One circumstance gave Quentin peculiar trouble, which was the character and nation of his guide, who, as a heathen and an infidel vagabond, addicted besides to occult arts (the badge of all his tribe), was often looked upon as a very improper guest for the holy resting places at which the company usually halted, and was not in consequence admitted within even the outer circuit of their walls, save with extreme reluctance. This was very embarrassing, for, on the one hand, it was necessary to keep in good humour a man who was possessed of the secret of their expedition, and, on the other, Quentin deemed it indispensable to maintain a vigilant though secret watch on Hayraddin's conduct, in order that, as far as might be, he should hold no communication with any one without being observed. This of course was impossible, if the Bohemian was lodged without the precincts of the convent at which they stopped, and Durward could not help thinking that Hayraddin was desirous of bringing about this latter arrangement for, instead of keeping himself still and quiet in the quarters allotted to him, his conversation, tricks, and songs were at the same time so entertaining to the novices and younger brethren, and so unedifying in the opinion of the seniors of the fraternity, that, in more cases than one, it required all the authority, supported by threats, which Quentin could exert over him, to restrain his irreverent and untimeous jocularity, and all the interest he could make with the Superiors, to prevent the heathen hound from being thrust out of the doors. He succeeded, however, by the adroit manner in which he apologized for the acts of indecorum committed by their attendant, and the skill with which he hinted the hope of his being brought to a better sense of principles and behaviour, by the neighbourhood of holy relics, consecrated buildings, and, above all, of men dedicated to religion.

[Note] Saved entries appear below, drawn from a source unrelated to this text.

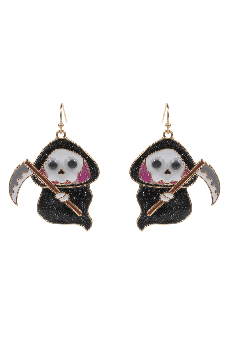 Halloween Reaper W Googly Eye Brass Hook Earrings
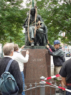 Ook 't Haagse Spinozabeeld op weg naar Stroom
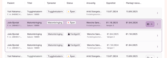 Vi har gjort det enkelt å se alle versjonene av en sak. Dersom en sak som vises i listen har flere versjoner, kan du åpne saken i listen ved å klikke på knappen med mappe-ikonet for å se de tilhørende versjonene.
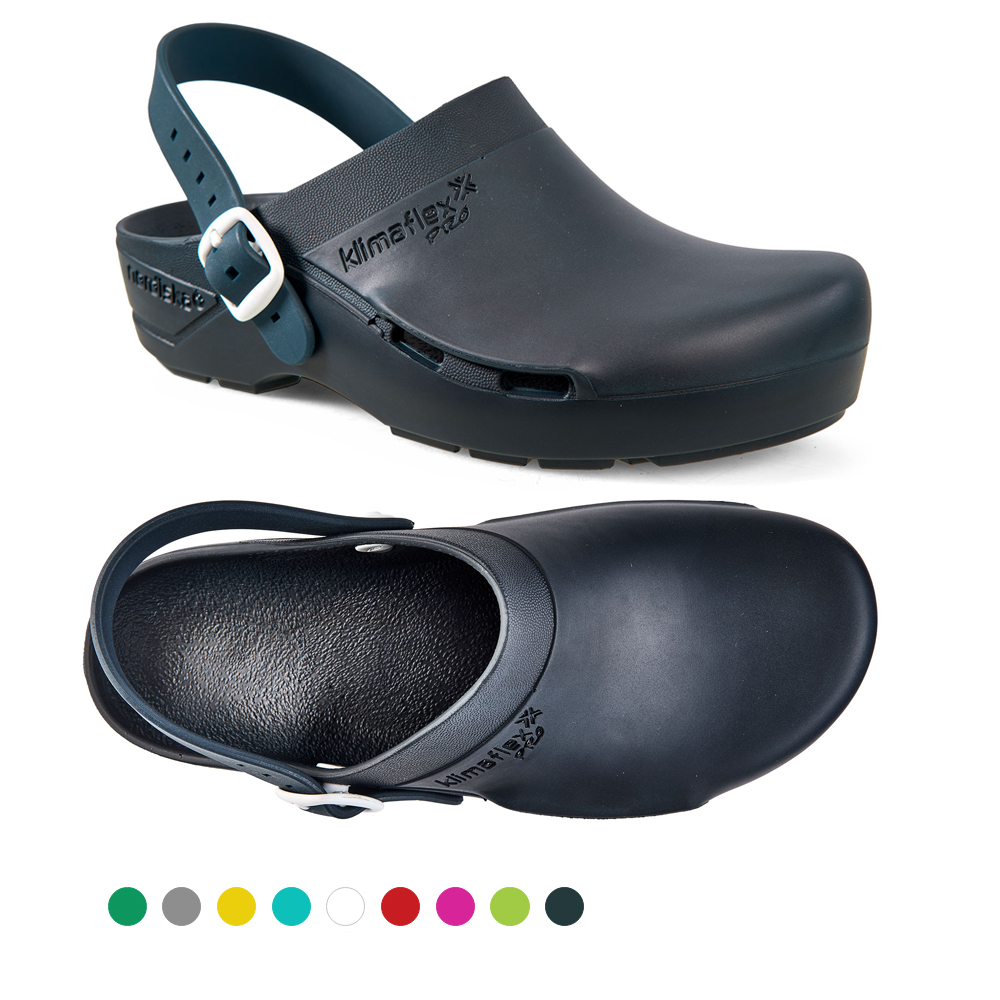 OP-Clog KLIMAFLEX PRO mit Fersenriemen, Seitenbelüftung, modernem Design, verbesserter Rutschhemmung und erstklassigen Antistatik Eigenschaften. Der vegane Clog für OP und Station.
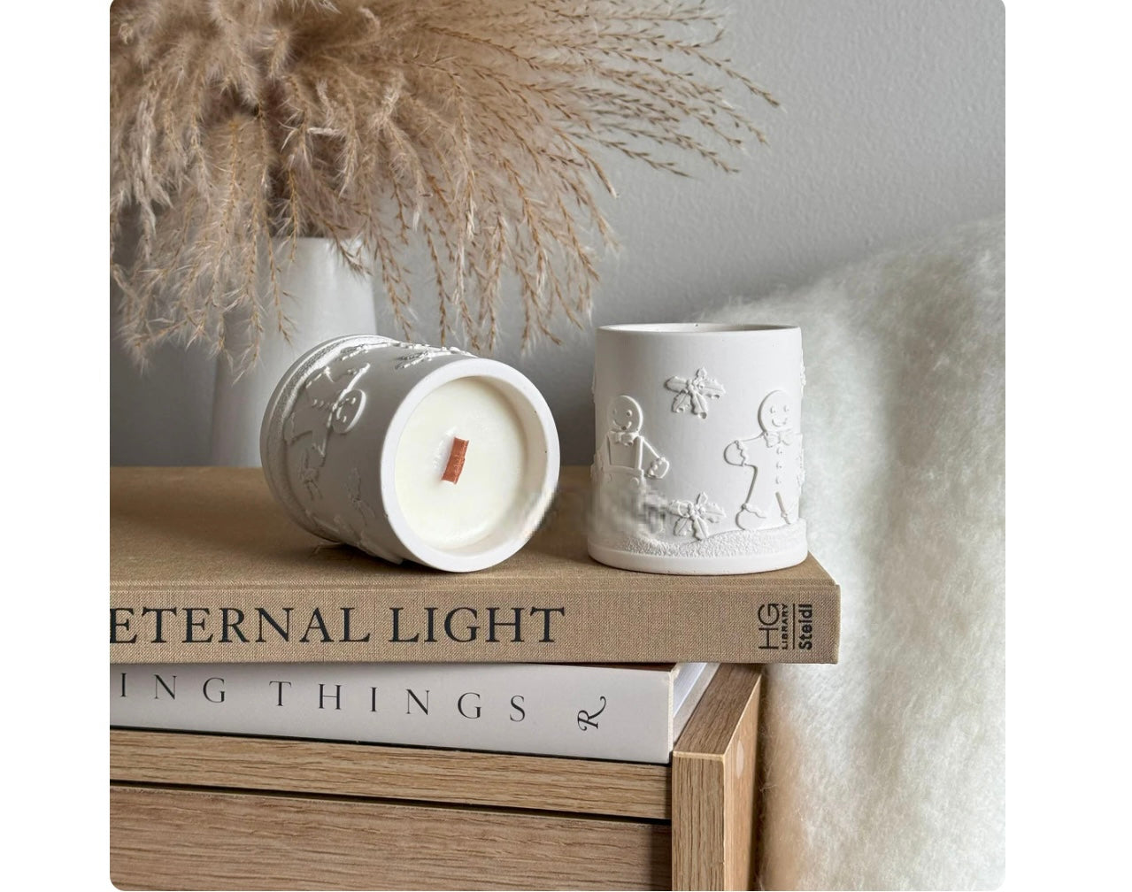 Plongez dans la magie de Noël avec notre bougie Gingerbread, coulée à la main dans un pot artisanal texturé représentant de tendres petits bonshommes en pain d’épice.
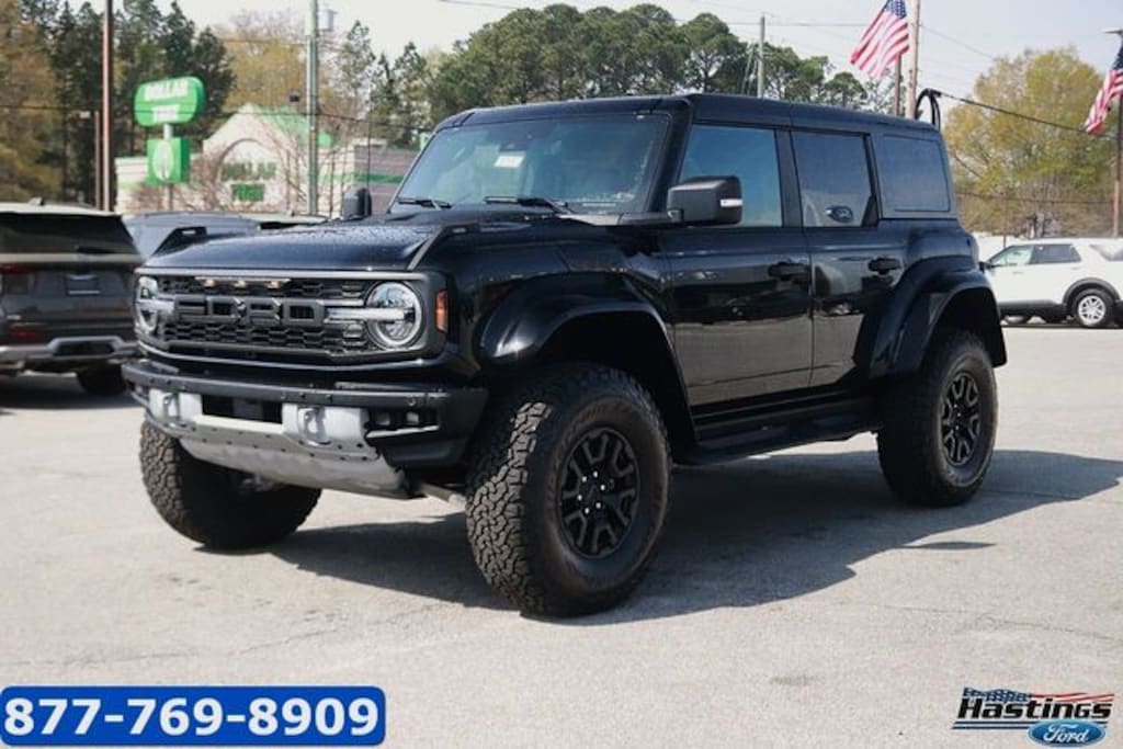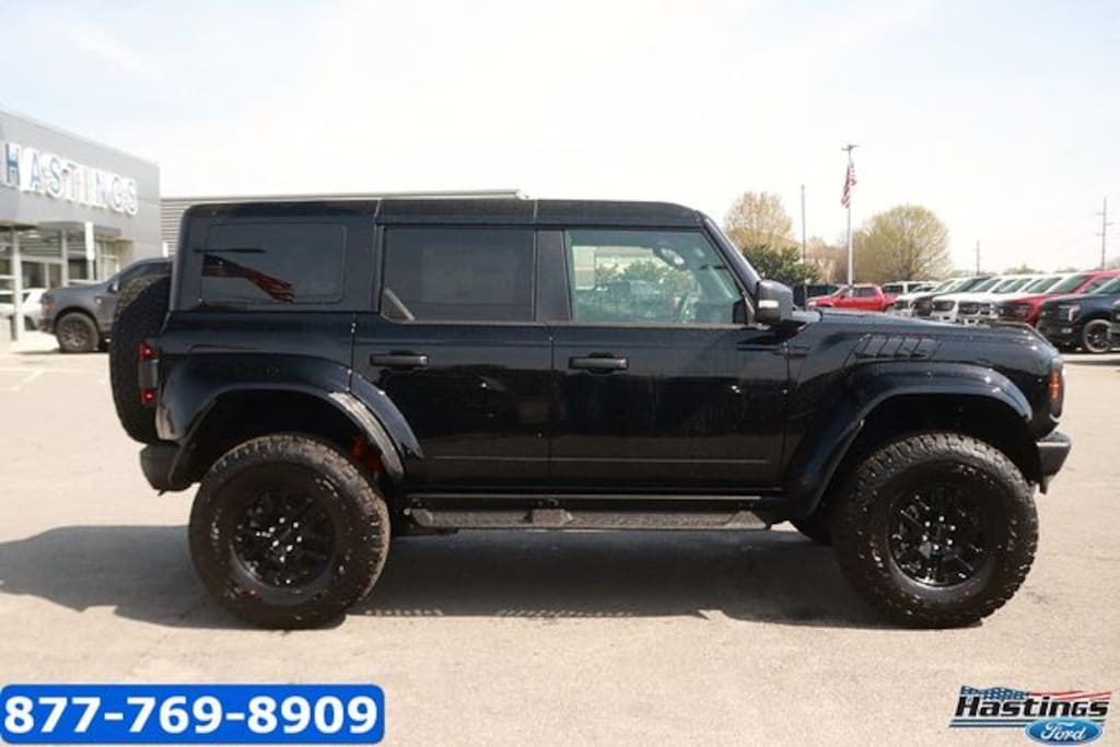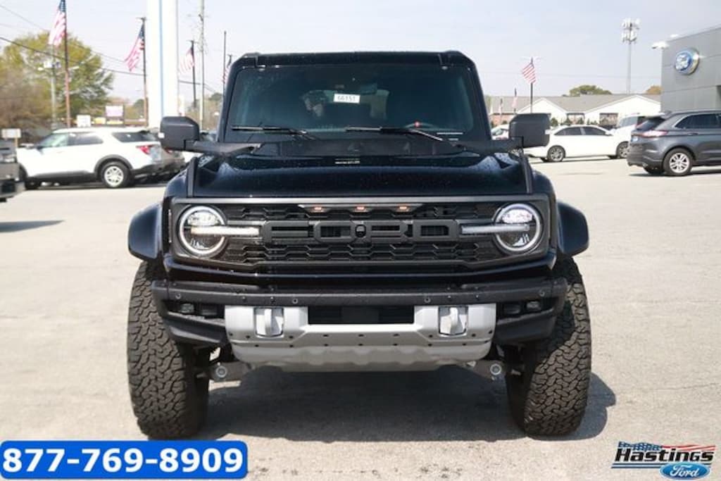 Shadow Black 2026 Ford Bronco Raptor 4WD 10-Speed Automatic 3.0L EcoBoost V6 12 Speakers, 4-Wheel Disc Brakes, ABS brakes, Air Conditioning, Alloy wheels, AM/FM radio: SiriusXM with 360L, Auto High-beam Headlights, Auto-dimming Rear-View mirror, Automatic temperature control, Brake assist, Compass, Connected Navigation, Convertible HardTop, Convertible roof lining, Delay-off headlights, Driver door bin, Driver vanity mirror, Dual front impact airbags, Dual front side impact airbags, Electronic Stability Control, Emergency communication system: 911 Assist, Equipment Group 374A Lux Package, Exterior Parking Camera Rear, Ford Connectivity Package (1-Year Included), Front anti-roll bar, Front Bucket Seats, Front Center Armrest, Front dual zone A/C, Front fog lights, Front License Plate Bracket, Front reading lights, Front wheel independent suspension, Fully automatic headlights, Glass rear window, Hard Top Sound Deadening Headliner, Heated door mirrors, Heated front seats, Heated steering wheel, Illuminated entry, Integrated roll-over protection, Leather Shift Knob, Low tire pressure warning, Marine Grade Vinyl Bucket Seats, Navigation system: Connected Navigation, Occupant sensing airbag, Outside temperature display, Overhead airbag, Overhead console, Panic alarm, Passenger door bin, Passenger vanity mirror, Power door mirrors, Power steering, Power windows, Radio data system, Rear anti-roll bar, Rear seat center armrest, Rear window defroster, Rear window wiper, Rear-Window Defroster and Washer, Remote keyless entry, Security system, Shadow Black Painted Hard Top, SiriusXM with 360L, Speed control, Split folding rear seat, Steering wheel mounted audio controls, SYNC 4, Tachometer, Telescoping steering wheel, Tilt steering wheel, Traction control, Trip computer, Turn signal indicator mirrors, Variably intermittent wipers, Voltmeter, Wheels: 17" Black High Gloss-Painted Aluminum.
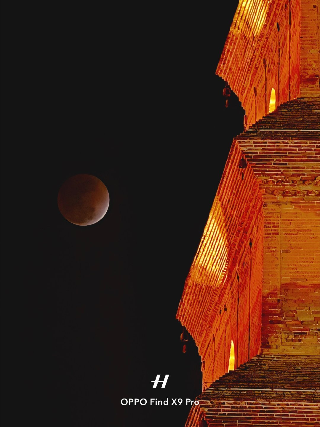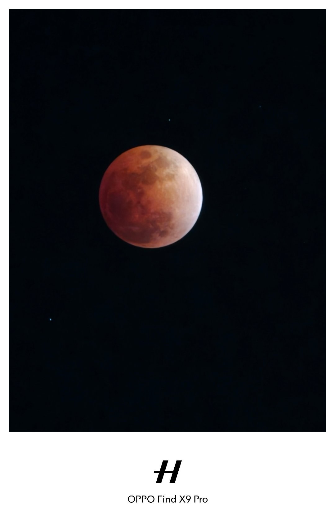 月全食OPPO Find X9 Pro拍下的元宵节红月亮
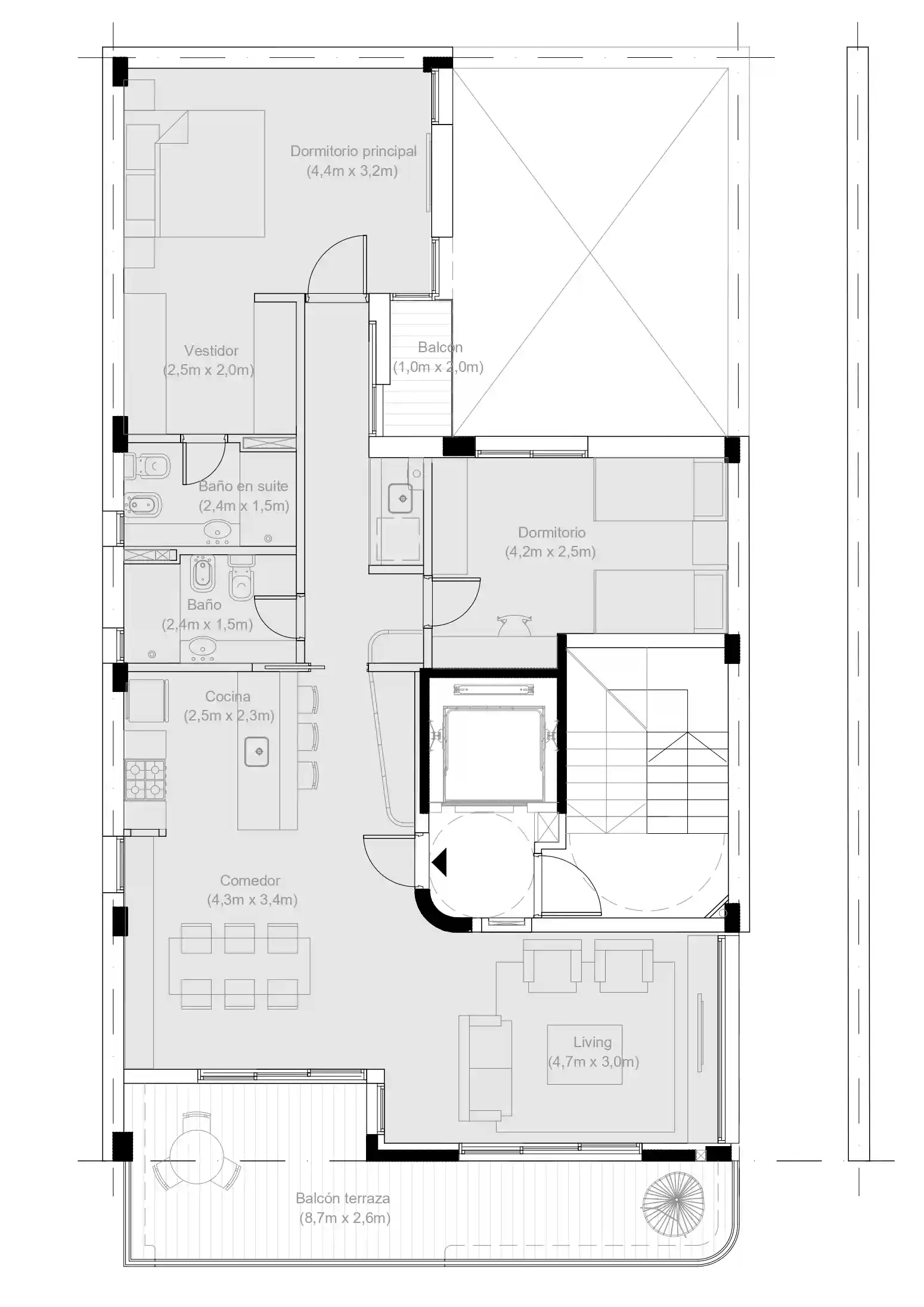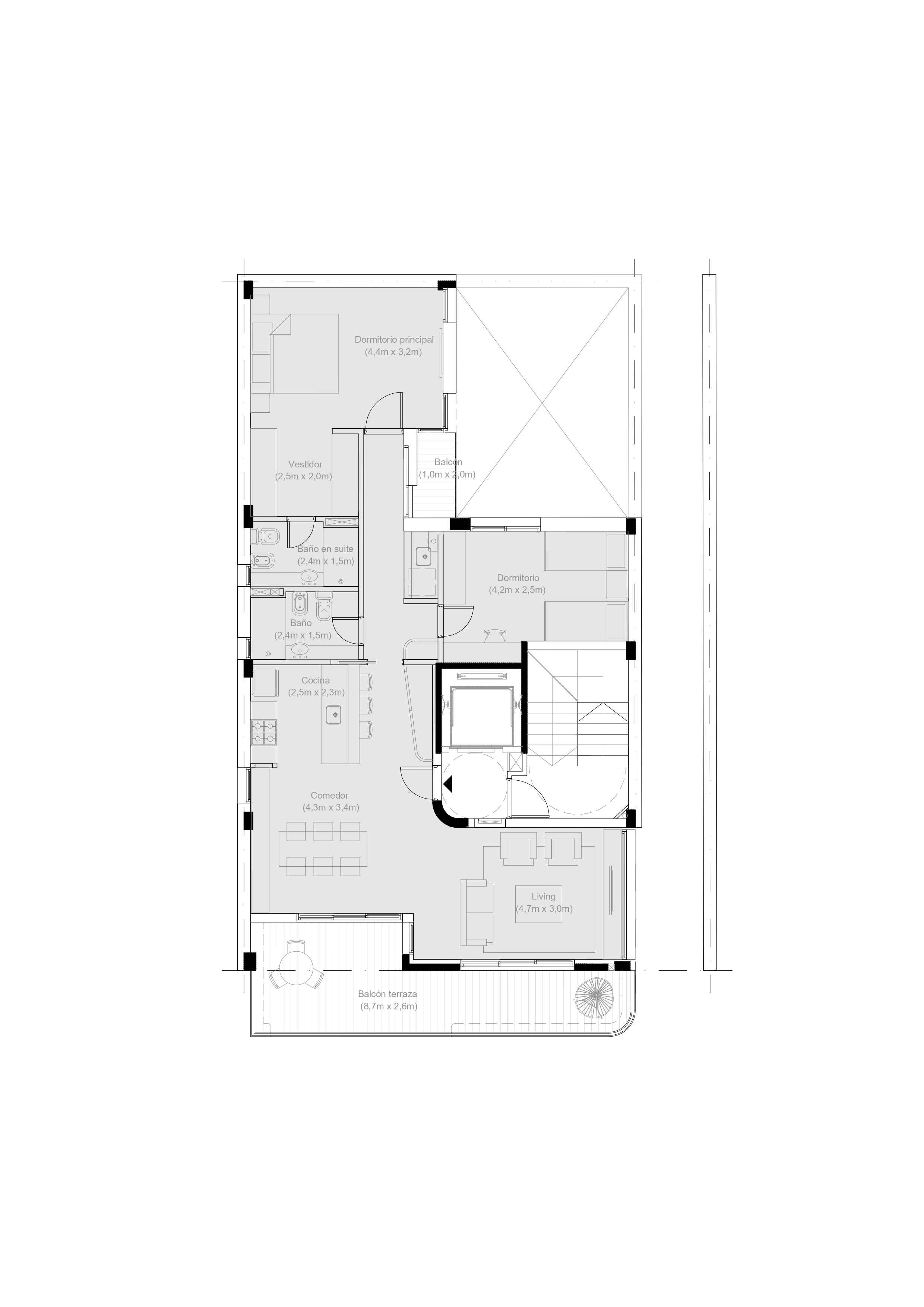 Nos detenemos en la habitabilidad de los espacios comunes, en las reuniones con amigos y familias. La terraza se convertirá en un lugar clave para crear momentos: una gran mesa, la parrilla, el solarium junto a la ducha, un espacio verde que te invita al relax y al disfrute.

But upon the tenth or twelfth day of their journey, after they had entered Flanders, and were approaching the town of Namur, all the efforts of Quentin became inadequate to suppress the consequences of the scandal given by his heathen guide. The scene was a Franciscan convent, and of a strict and reformed order, and the Prior a man who afterwards died in the odour of sanctity. After rather more than the usual scruples (which were indeed in such a case to be expected) had been surmounted, the obnoxious Bohemian at length obtained quarters in an out house inhabited by a lay brother, who acted as gardener. The ladies retired to their apartment, as usual, and the Prior, who chanced to have some distant alliances and friends in Scotland, and who was fond of hearing foreigners tell of their native countries, invited Quentin, with whose mien and conduct he seemed much pleased, to a slight monastic refection in his own cell. Finding the Father a man of intelligence, Quentin did not neglect the opportunity of making himself acquainted with the state of affairs in the country of Liege, of which, during the last two days of their journey, he had heard such reports as made him very apprehensive for the security of his charge during the remainder of their route, nay, even of the Bishop's power to protect them, when they should be safely conducted to his residence. The replies of the Prior were not very consolatory.

He said that the people of Liege were wealthy burghers, who, like Jeshurun (a designation for Israel) of old, had waxed fat and kicked -- that they were uplifted in heart because of their wealth and their privileges -- that they had divers disputes with the Duke of Burgundy, their liege lord, upon the subject of imports and immunities and that they had repeatedly broken out into open mutiny, whereat the Duke was so much incensed, as being a man of a hot and fiery nature, that he had sworn, by Saint George, on the next provocation, he would make the city of Liege like to the desolation of Babylon and the downfall of Tyre, a hissing and a reproach to the whole territory of Flanders.

(Babylon: taken by Cyrus in 538 B. C. See Revelation xviii, 21: "A mighty angel took up a stone . . . and cast it into the sea, saying, Thus with violence shall that great city Babylon be thrown down, and shall be found no more.")

(Tyre: conquered by Alexander the Great in 332 B. C. "I will make thee a terror, and thou shalt be no more . . . yet shalt thou never be found again, saith the Lord God." Ezekiel xxvi, 21.)

"And he is a prince by all report likely to keep such a vow," said Quentin, "so the men of Liege will probably beware how they give him occasion."

"It were to be so hoped," said the Prior, "and such are the prayers of the godly in the land, who would not that the blood of the citizens were poured forth like water, and that they should perish, even as utter castaways, ere they make their peace with Heaven. Also the good Bishop labours night and day to preserve peace, as well becometh a servant of the altar, for it is written in Holy Scripture, Beati pacifici. But" -- Here the good Prior stopped, with a deep sigh.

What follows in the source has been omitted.